**Entries taken from a collection:**
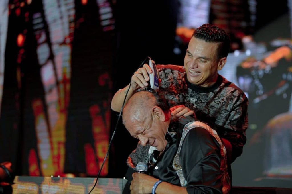 Y apareció entonces lo que generó el hecho curioso de la noche. Emiliano Zuleta hizo sonar su acordeón y Silvestre cantó ‘Se equivocó’, ‘Orgullosa’, ‘Mañanitas de invierno’ y ‘039’. En medio del canto, el urumitero dijo que Emilianito cumpliría una promesa a Dios dejándose cortar el cabello por él en plena tarima, dado que un inconveniente de salud lo había llevado a Brasil para practicarse exámenes con el fin de evaluar una operación a corazón abierto. “Estoy sano y a Dios hay que cumplir, no se le puede fallar, así que venga Silvestre y córteme este cabello que yo soy hombre de palabra”, declaró Emiliano.
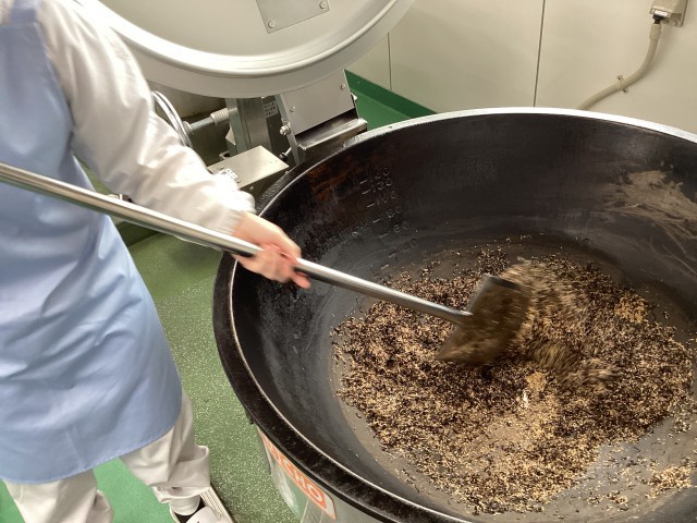 今日は塩昆布とひじき、鰹節、ごまを釜で炒り、醤油で風味づけをしています。
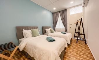 4 bedrooms: 3 single beds 2 queen beds and 1 king bed | 1 living room
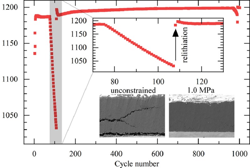 External pressure on lithium-ion batteries is not a dry academic topic. Scientists at Fraunhofer Institute for Silicate Research in Würzburg, Germany, investigated the impact on pouch-type cells. They compared the benefits of allowing space for electrodes to swell during cycling, and concluded this promoted better battery performance.
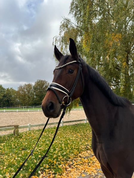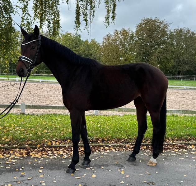 This 4-year-old mare by So Perfect x Lord Leopold comes directly from the breeder. She has been started late and is rather a sensitive and spirited horse. She is familiar with pasture, paddock, and lunging. She is good with the farrier and loading. A good vet check is available. She can be tried out at any time in 97285 Röttingen. Please contact by phone at 01797002982 or 015117238135.
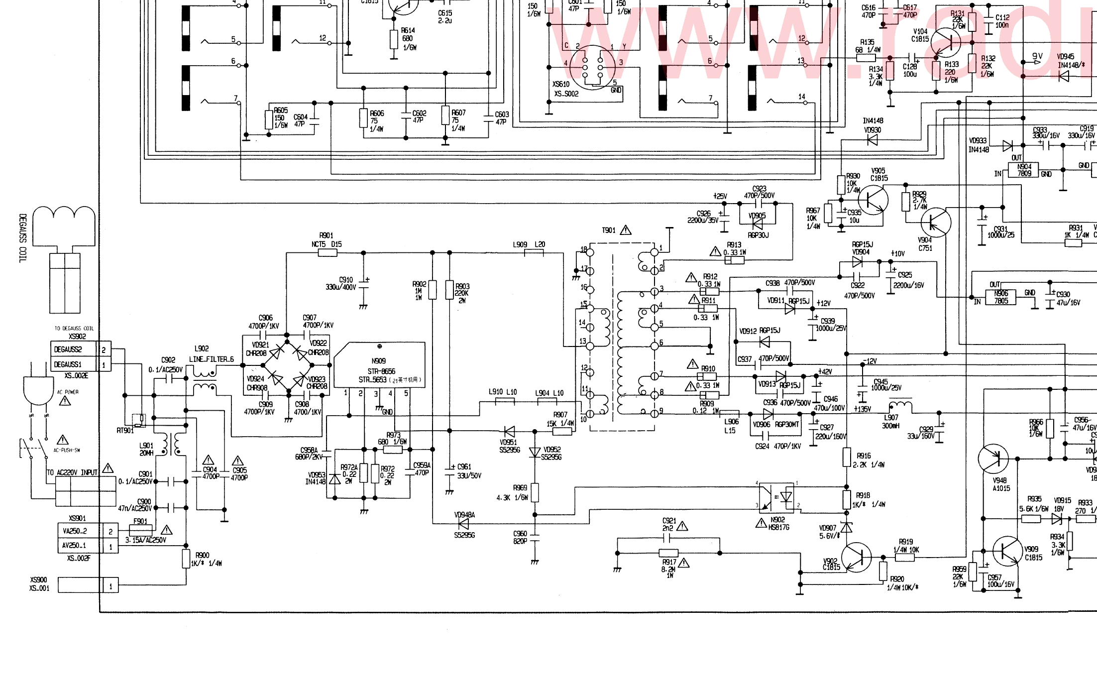 在指示灯为黄色的状态下,可以看到显像管管口处的灯丝亮了,但三无。此时测电容C910两端有285V电压,C927两端直流电压正为141V, 再测VCT 3801A 的各脚电压正常:3、7、15脚:5V,25脚3.3V,54:3.3V,58:4.8V,59:3.1V ,60:3.5V,61:4.9V。
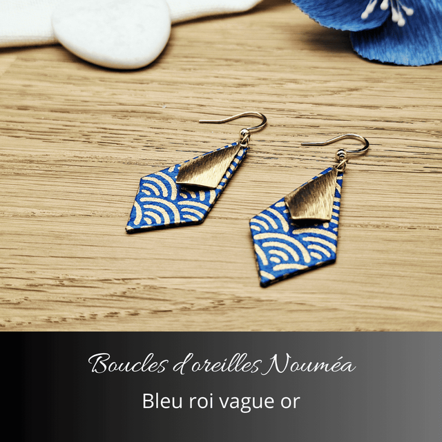 Boucles d'oreilles Nouméa - Bleu roi vague or
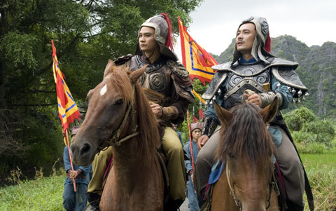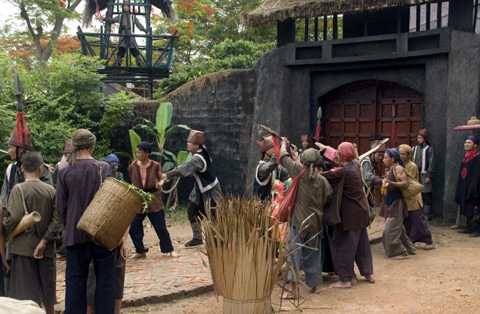 Một cảnh quay của "Huyền sử thiên đô" tại phim trường Cổ Loa
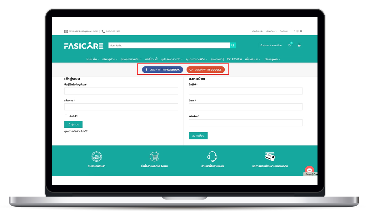 ลูกค้าสามารถเลือก เข้าสู่ระบบหรือสมัครสมาชิก ได้อย่างสะดวก ผ่านบัญชี Facebook หรือ Google เพื่อความรวดเร็ว ไม่ต้องกรอกข้อมูลใหม่ทั้งหมด
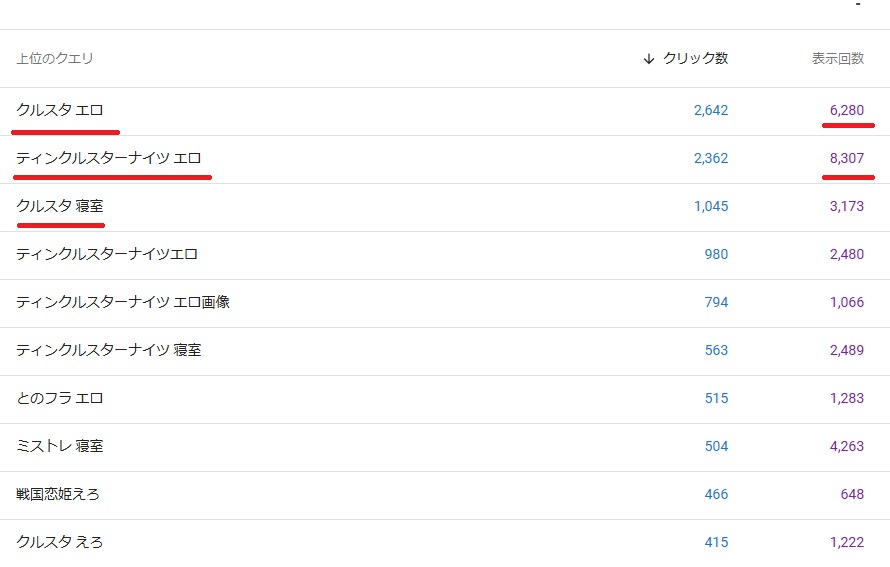クルスタはグーグルコンソールでも全体の検索数は多いです。

**PROBLEM:**
Every line above in the stretch from the one with "今日は塩昆布とひじき、鰹節、ごまを釜で炒り、醤油で風味づけをしています。" through the one with "4 bedrooms: 3" is to be transcribed exactly, ends included. No picture is copied.

**ANSWER AREA:**
 今日は塩昆布とひじき、鰹節、ごまを釜で炒り、醤油で風味づけをしています。
 4 bedrooms: 3 single beds 2 queen beds and 1 king bed | 1 living room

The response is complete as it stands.